TRF
Wrapper for Tandem Repeats Finder (TRF), a tool to identify tandem repeats in DNA sequences, enabling easy integration into Snakemake workflows.
URL: https://tandem.bu.edu/trf/home
Example
This wrapper can be used in the following way:
# SAMPLE RULE 1: Run with params directive that is a must.

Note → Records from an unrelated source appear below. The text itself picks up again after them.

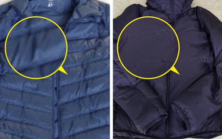 Для наглядности женщина продемонстрировала одну и туже куртку до и после чистки. На втором фото швы между ячейками словно «рассосались».
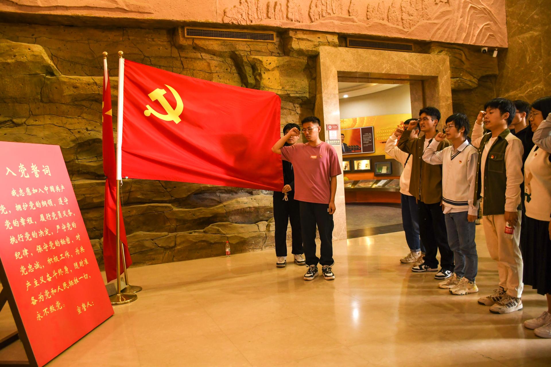 4月30日下午,师生党员们离开金岭村,来到宣化店中原突围纪念馆。1946年6月26日,震惊中外的“中原突围”战争就是从这里打响,拉开了全国解放战争的序幕。进入中原突围历史纪念馆,学生党员栗千贺带领全体党员在党旗下重温入党誓词。
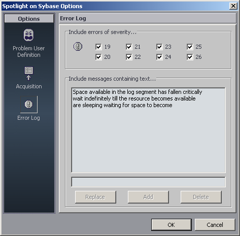 To set these levels, select View | Options | Spotlight® on SAP ASE | Error Log.
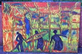 óleo sobre cartão canelado
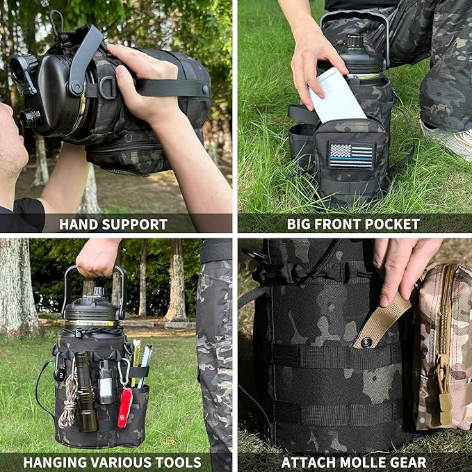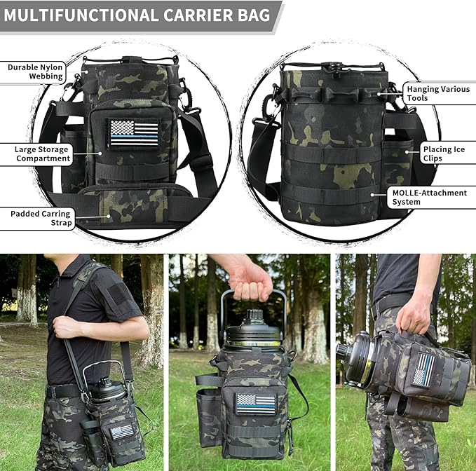 • 【Tactical Bag For Easy Carring】:Our water bottle holder is made of double-layer polyester and insulating Oxford cloth, which provides protection for the water jug. The water bottle bag also adds warmth, making it more effective in maintaining cold or hot. It has a detachable shoulder strap for carrying and a hand support strap on the side for easy pouring of water. Water bottle carrier bag has MOLLE webbing attachments and a large storage compartments for your phone, keys, wallet and more.
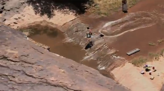 Flatland Skimboarding over a small waterfall in Santa Clara, Utah. Featuring local Utah rider Weston Wilson and DB Skimboards team rider Austin Griffin.
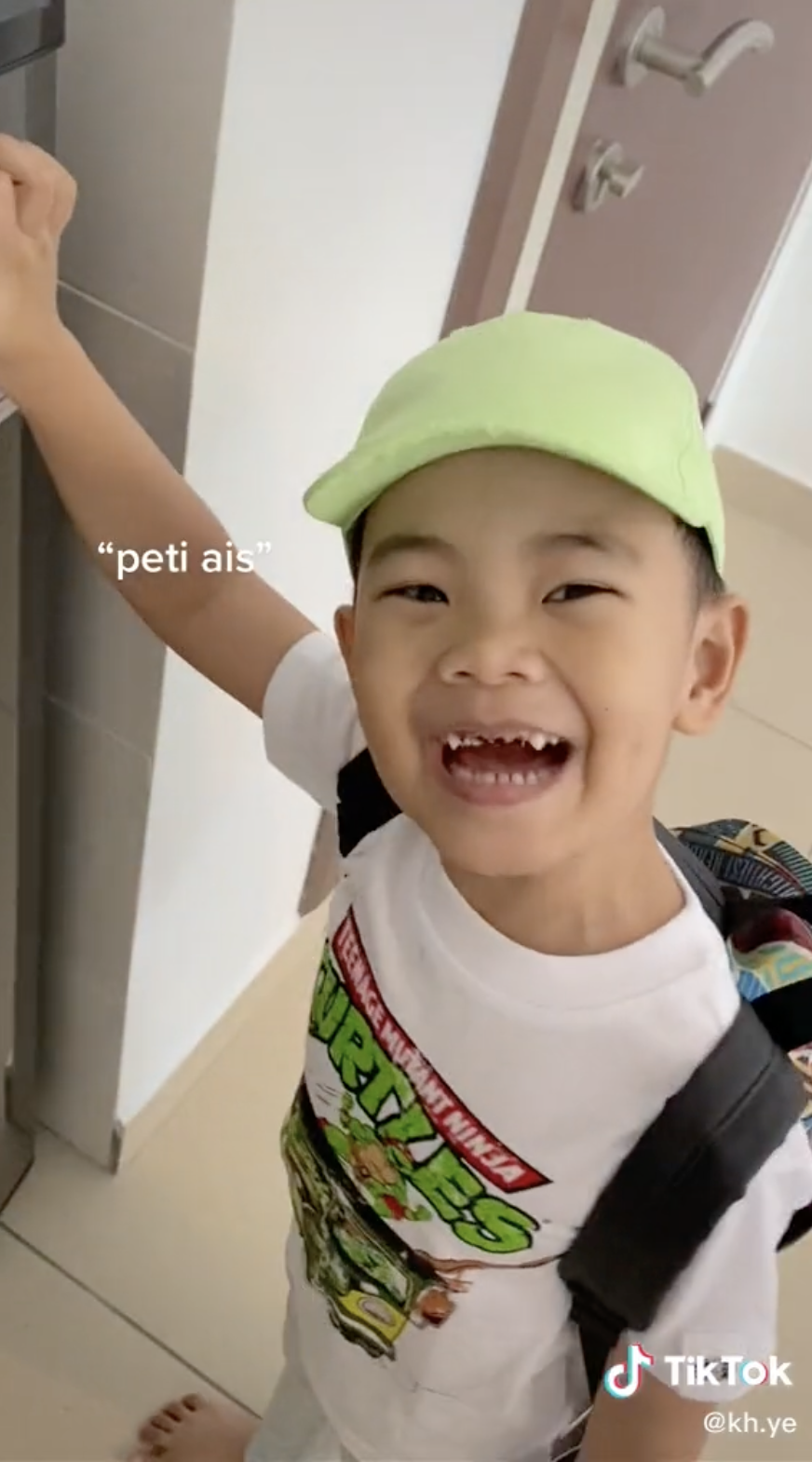 Dia kemudian menyuruh budak itu mengeja jenama peti ais tersebut sambil menunjuknya. Tetapi, apa yang lebih mencuri perhatian adalah sebaik saja selesai mengeja, dia menyuruh agar budak itu menyebutkannya tetapi budak itu malah menyebut "peti ais" dan bukan Panasonic.
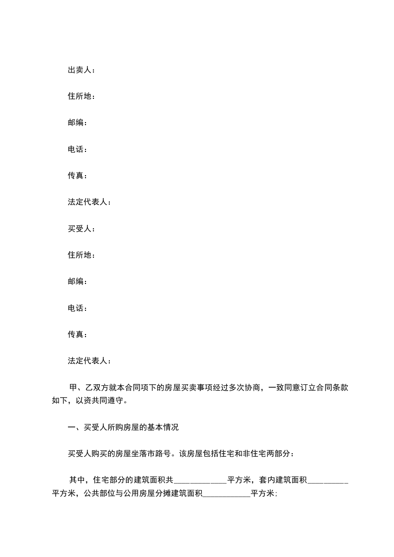 经充分协商,甲乙双方现就房屋买卖事宜订条约如下:
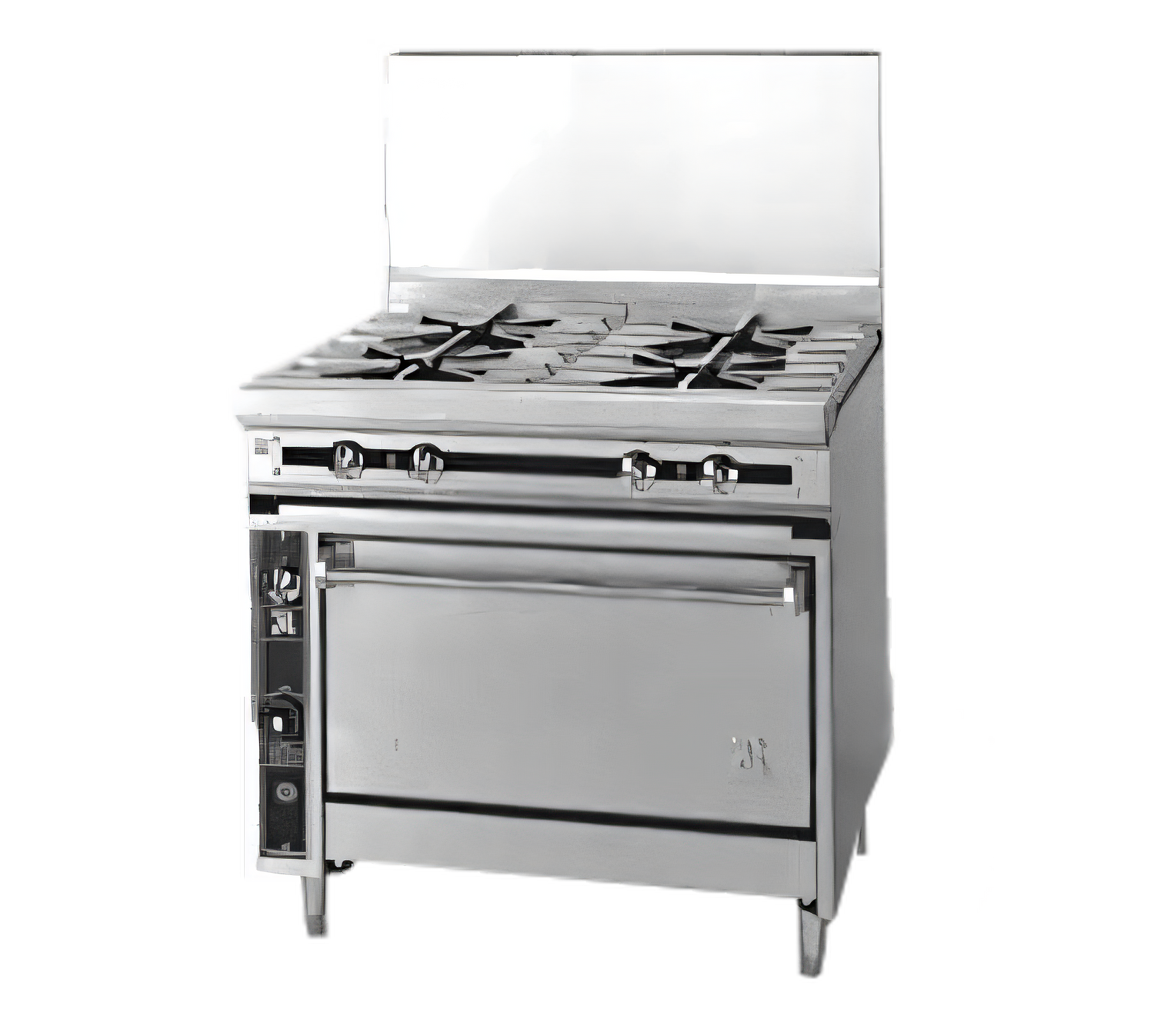 Titan™ Heavy Duty Range, gas, 36", (4) 35,000 BTU open burners, infinite controls, convection oven, (2) chrome plated racks, stainless steel oven liner, 6" plate shelf, front, sides, stub back & bottom, 6" adjustable legs, 115v/60/1-ph, 4.4 amps, 1/4 HP, 170,000 BTU, CSAus, NSF
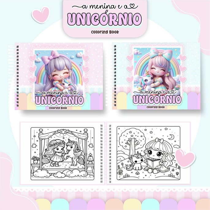 ✅ Vantagens do Livro de Colorir Digital Arquivo Livro de Colorir Menina e Unicórnio
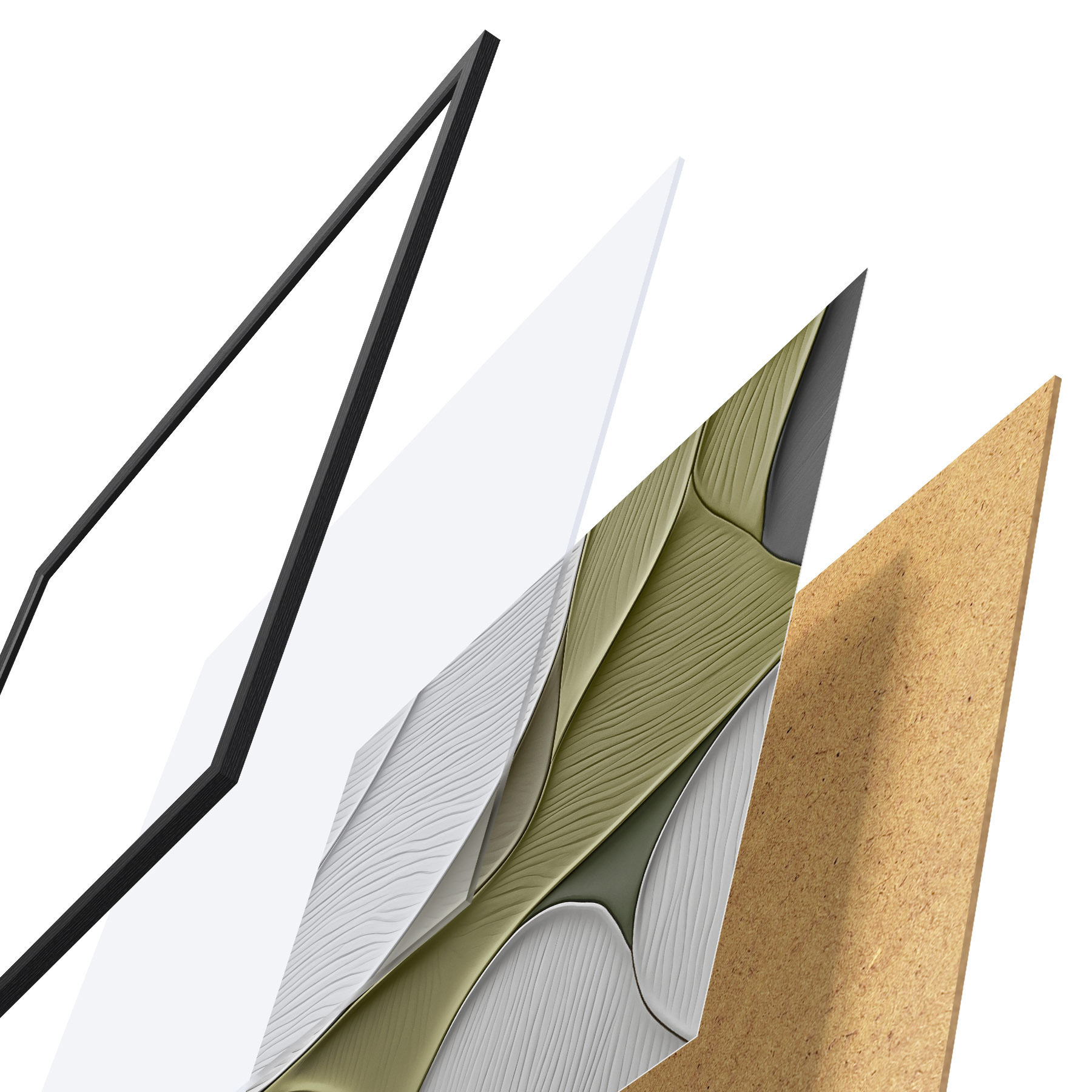 Plagát sa skladá z rámu, plexiskla, vytlačeného obrazu a podkladu z drevotriesky. Plagát možno okamžite zavesiť na stenu vďaka úchytom na zadnej strane.
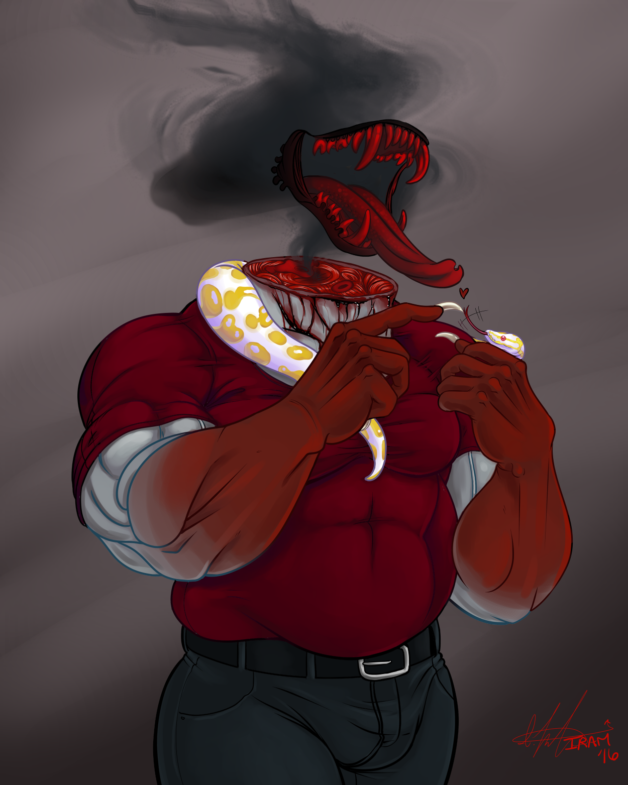 Felt like drawing a monster. deliciouslyuke (my spouse) and I were talking about doing a roleplay about a world were there’s a virus outbreak that turns people into monsters that want to **** and maim. This transformation piece was the result of that conversation. I hope I get to use this guy for something. Had a great time detailing this thing. Enlarge for a better view ;)
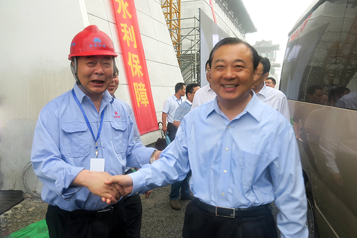 6月26日上午,由我公司承建的扬州城市安全第一工程、“清水活水、不淹不涝”城市标志性工程——瓜洲泵站正式投入使用。从此,活水润城,江河安澜。市委书记谢正义、市长夏心旻、市政协主席陈扬出席启用仪式,并与水利系统老领导、老专家共同推杆启用瓜洲泵站。李航、陈锴竑、王炳松、吴广晶、韩骅等市四套班子领导参加活动。
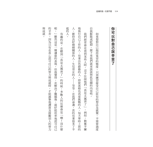 於是,長大後,當我們發現自己並不快樂時,就得把這失落的一塊給找回來,最佳途徑便是懂得「善待自己」。然而,善待自己並不是透過大吃大喝、揮霍無度來犒賞自己的辛苦,這只是在高度壓力下的心理補償,而是能夠在心裡停止自我批判,接納那個不夠好的自己,用白話一點的語言來說,就是「放過自己」。
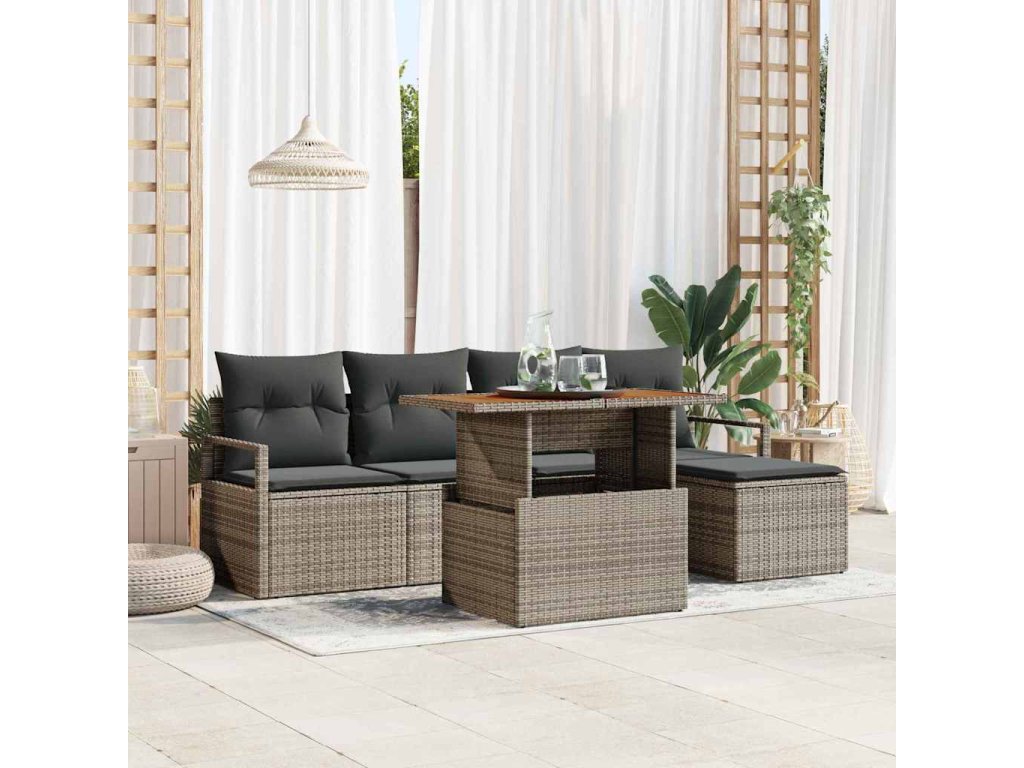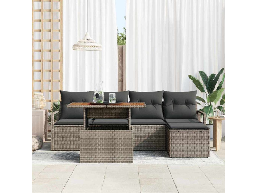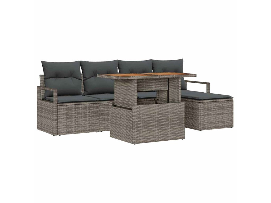 Sada zahradních pohovek s úložištěm 6 pcs Šedá Poly ratan

# Flags or optional flags should go in extra parameter exactly
# as it would be typed in for a terminal command. In this
# example officially recommended parameters and flag options
# on TRF website are used. Also, use directory function
# to specifiy output folder.
rule run_trf_basic:
input:
sample="demo_data/{sample}.fasta",
output:
directory("trf_output/{sample}"),
log:
"logs/{sample}.log",
params:
match=2,
mismatch=7,
delta=7,
pm=80,
pi=10,
minscore=50,
maxperiod=500,
extra="-f -d -m",
wrapper:
"v9.4.2/bio/trf"
Note that input, output and log file paths can be chosen freely.
When running with
snakemake --use-conda
the software dependencies will be automatically deployed into an isolated environment before execution.
Notes
Flag(s) are specified using the ‘extra’ param (e.g., ‘-d -h’). For -l flag, write it with space like -l 29. TRF documentation allows -l=29 but on current version running it behaves abonormally, hence avoid, as this behaves according to the utility.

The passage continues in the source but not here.